DAIRY

26 December 1997




DAIRY

MILK producers have been under the cosh during the past 12 months, with prices falling about 5p/litre in response to pressure from sterling and buyers.

Recent projections put the drop in farm incomes this year at well over 50% on dairy units and some recent reports suggest large numbers of dairy farmers leaving the industry.

But the good news is that the bottom of the trough seems to have been reached and some limited recovery is probable for 1998.

Dairy commodity markets have had a buoyant second half to the year and that alone bodes better for milk prices, given the in-built "lag effect" between manufacturer and producer returns.

Butter in particular has benefited from strong Russian buying. Continental prices have climbed all year, with Dutch and German values putting on 15%.

UK butter prices were initially left behind due to strong sterling. But even these have now moved to 10% ahead of intervention values as demand has strengthened and the £ has come off peak levels. Bulk product is currently worth about £2450/t, compared with £2200/t at its low point in May.

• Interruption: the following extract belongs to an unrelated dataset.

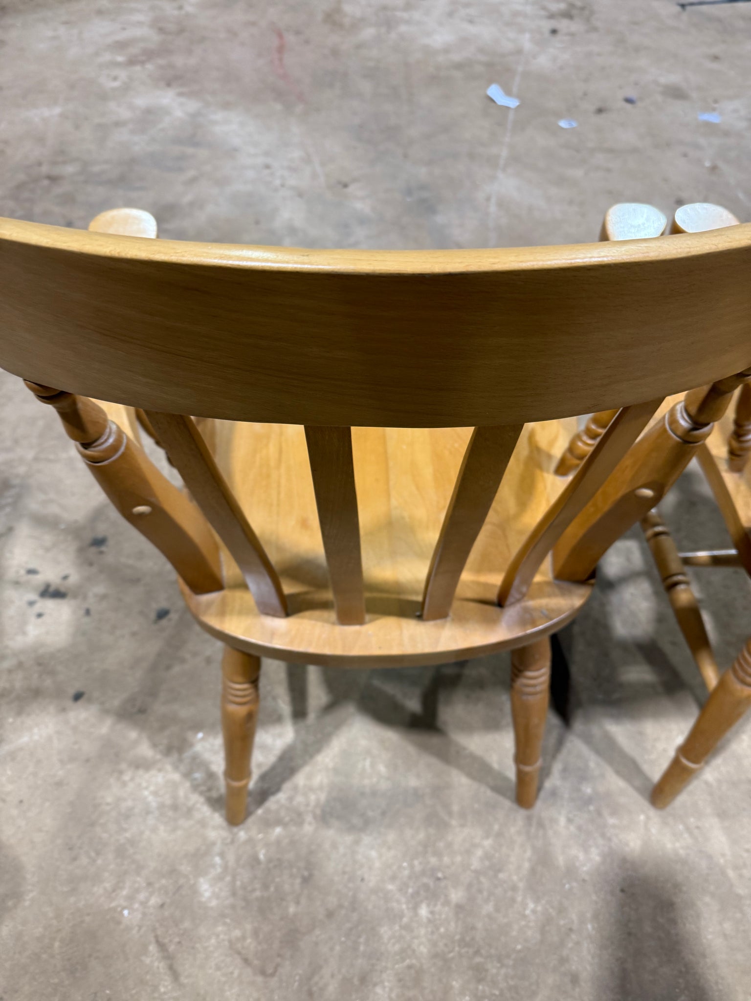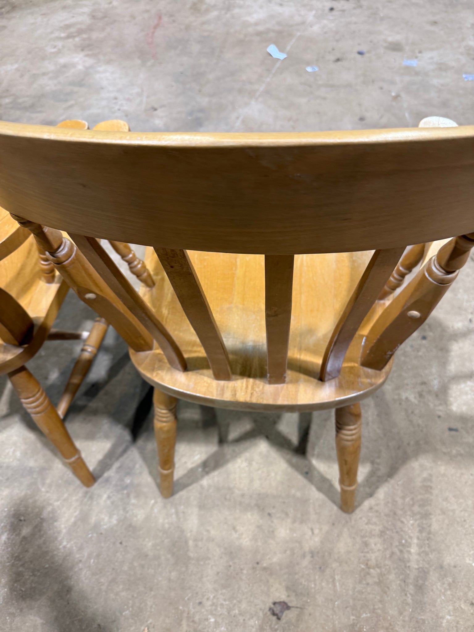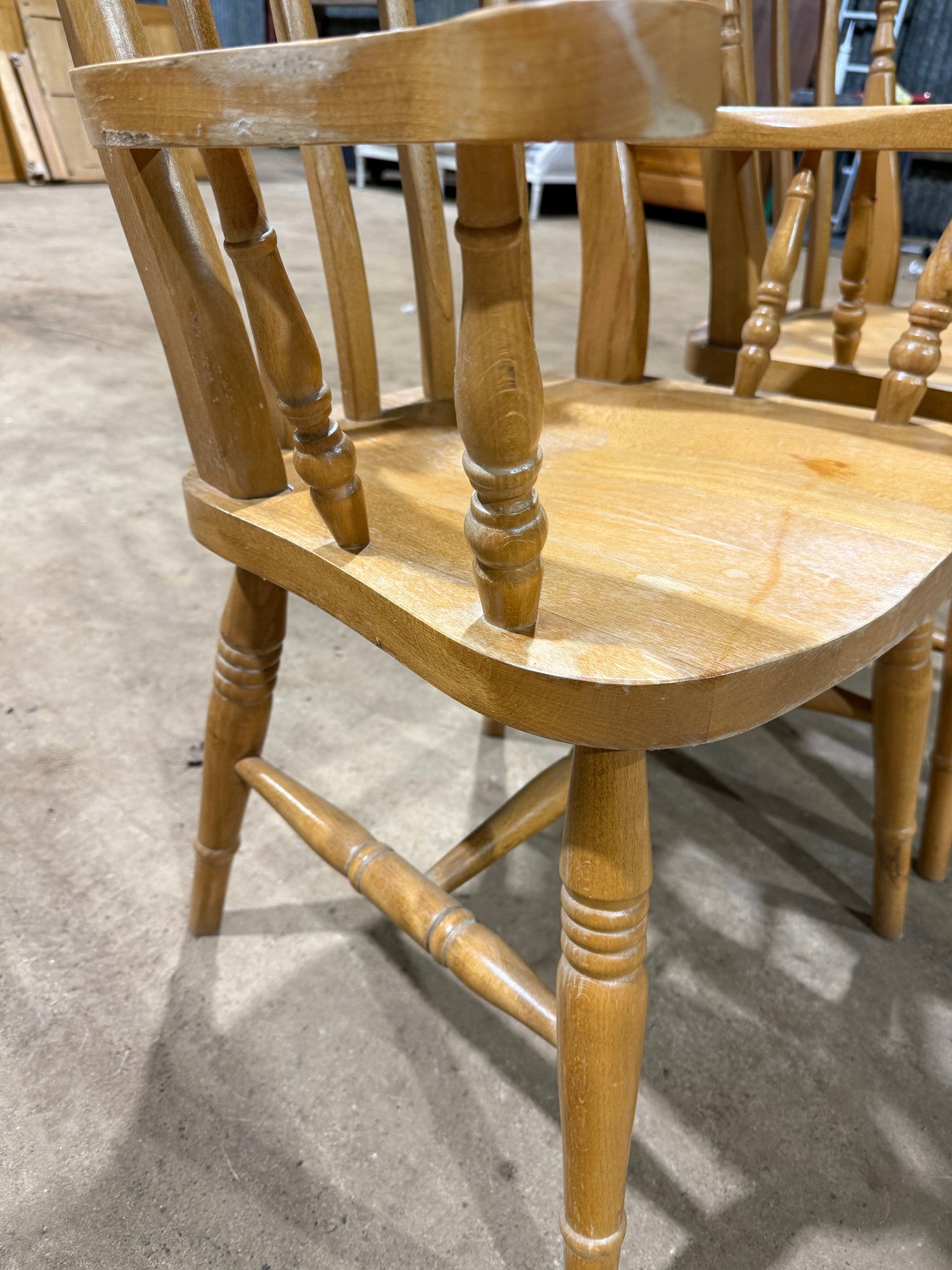 A matching pair of solid pine carver chairs offering sturdy seating with authentic character. Both pieces are in sound working order, displaying the natural patina of age with minor surface marks that add to their charm. Ideal for dining settings or bedroom spaces, these well-crafted chairs combine practicality with timeless appeal.

Analysts believe butter prices have now peaked, but will only soften slightly in the months ahead.

Brussels recently imposed a five-point plan stop the market overheating, including a large cut in export subsidies, a similar reduction in subsidies on butter for food manufacturing and the sale of all remaining intervention stocks. But the expectation is that the trade will "shrug this off", especially if Russian and East European buyers return to the market in the new year.

Skimmed milk powder is also relatively buoyant throughout Europe, and expected to remain so. Good export business to Mexico and improved profits for Continental veal producers continue to support the market.

Similarly, cheese manufacturers have reaped the benefit of strong demand. Most of the main UK dairy companies point to mature Cheddar as being fundamental to their substantially improved profits this year. The fear is that it could be a victim of its own success, as more manufacturers have moved into production.

Farmhouse Cheddar is currently worth about £3500/t and has been at this level for over a year, following a gradual firming during 1996. Analysts suggest the bubble could burst some time in 1998.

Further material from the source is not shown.